I can give you some more, just for fun. Gemini 3 fails these:
Jean Paul and Pierre own three banks nearby together in Paris. Jean Paul owns a bank by the bridge What has two banks and money in Paris near the water?
You can also see variants that mix intruction finetuning being overdone. Here's an example:
Svp traduire la suivante en francais: what has two banks but no money, Answer in a single word.
The "answer in XXX" snippet triggers finetuned instruction following behavior, which breaks the original french language translation task.
Its so nice to see this echo'd somewhere. This has been what I've been calling them for a while, but it doesn't seem to be the dominant view. Which is a shame, because it is a seriously accurate one.
> LLMs are bullshitters. But that doesn't mean they're not useful
But this is itself an issue.
LLMs aside, whenever people see a human bullshitter, identifies them as a bullshitter, and then thinks to themselves, "Ah! But this bullshitter will be useful to me" it is only a matter of time before that faustian deal, of allowing harm for the people who put trust in you in exchange for easy returns, turns to harming for you eventually.
> that doesn't mean they're not useful
yeah actually it does mean that
LLMs are so very good at emitting plausible, authoritative-sounding, and clearly stated summaries of their training data.

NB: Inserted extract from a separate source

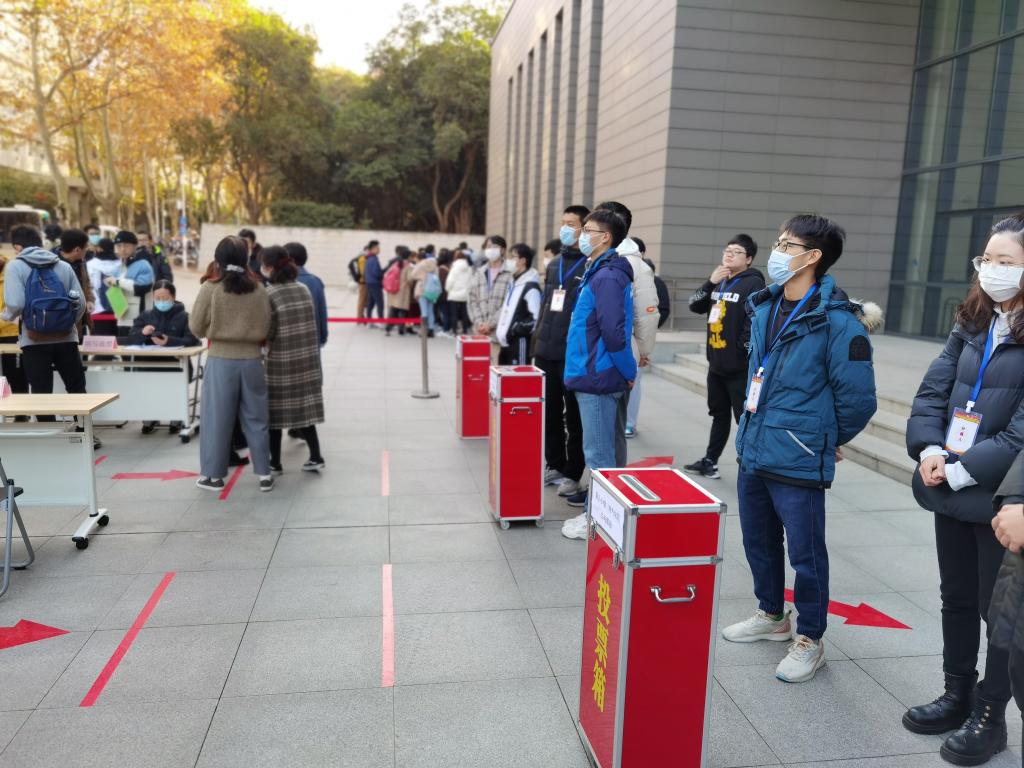 2021年12月1日,是武汉市洪山区第十六届人民代表大会代表选举日。根据学校的统一部署,电气学院是洪山区关山街第一选区第8小组,分别在电气大楼北广场和强磁场中心广场设立了投票站。

And if you ask them even fundamental questions about a subject of which you yourself have knowledge, they are too often astonishingly and utterly incorrect. It's important to remember this (avoiding "Gell-Mann amnesia"!) when looking at "AI" search results for things that you don't know -- and that's probably most of what you search for, when you think about it. I.e., if you indignantly flung Bill Bryson's book on the English language across the room, maybe you shouldn't take his book on general science too seriously later.
"AI" search results would perhaps be better for all of us if, instead of having perfect spelling and usage, and an overall well-informed tone, they were cast as transcriptions of what some rando at a bar might say if you asked them about something. "Hell, man, I dunno."

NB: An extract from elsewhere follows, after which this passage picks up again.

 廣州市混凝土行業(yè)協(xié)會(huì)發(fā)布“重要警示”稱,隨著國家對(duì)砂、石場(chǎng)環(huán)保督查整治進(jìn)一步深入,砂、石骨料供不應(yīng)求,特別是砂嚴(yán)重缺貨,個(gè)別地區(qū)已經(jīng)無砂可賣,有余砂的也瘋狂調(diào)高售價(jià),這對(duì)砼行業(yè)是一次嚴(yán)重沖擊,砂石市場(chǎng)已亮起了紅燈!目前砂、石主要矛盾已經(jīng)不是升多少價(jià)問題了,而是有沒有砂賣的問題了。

A coworker of mine recently ran into this. Had they listened to the AI they'd have committed tax fraud.
The AI very confidently told them that a household with 2 people working could have 1 person with a family HSA and the other with an individual HSA (you cannot).
I've come to cease all "inquiry" type usage of LLMs because of this. You really can't trust anything they say at all that isn't verified by a domain expert. But I can let it write code for me, and the proof is in the PR. I think ultimately the real value in these things is agentic usage, not knowledge generation.
LLMs can't generate knowledge - they don't have a concept of truth.
They're very useful for research tasks, however, especially when the application is built to enforce citation behavior
The headline feels like a strawman.
LLMs are very useful. They are just not reliable. And they can't be held accountable. Being unreliable and unaccountable makes them a poor substitute for people.
The problem is we can't label them as such. If they're bullshitters, then let's call it a LLBSer. It has a nice ring to it. Good luck with your government funding asking for another billion for a bullshitting machine bailout.
They are literally called "Large Language Model". Everybody prefers the term AI because it's easier to pretend they actually know things, but that's not what they are designed to do.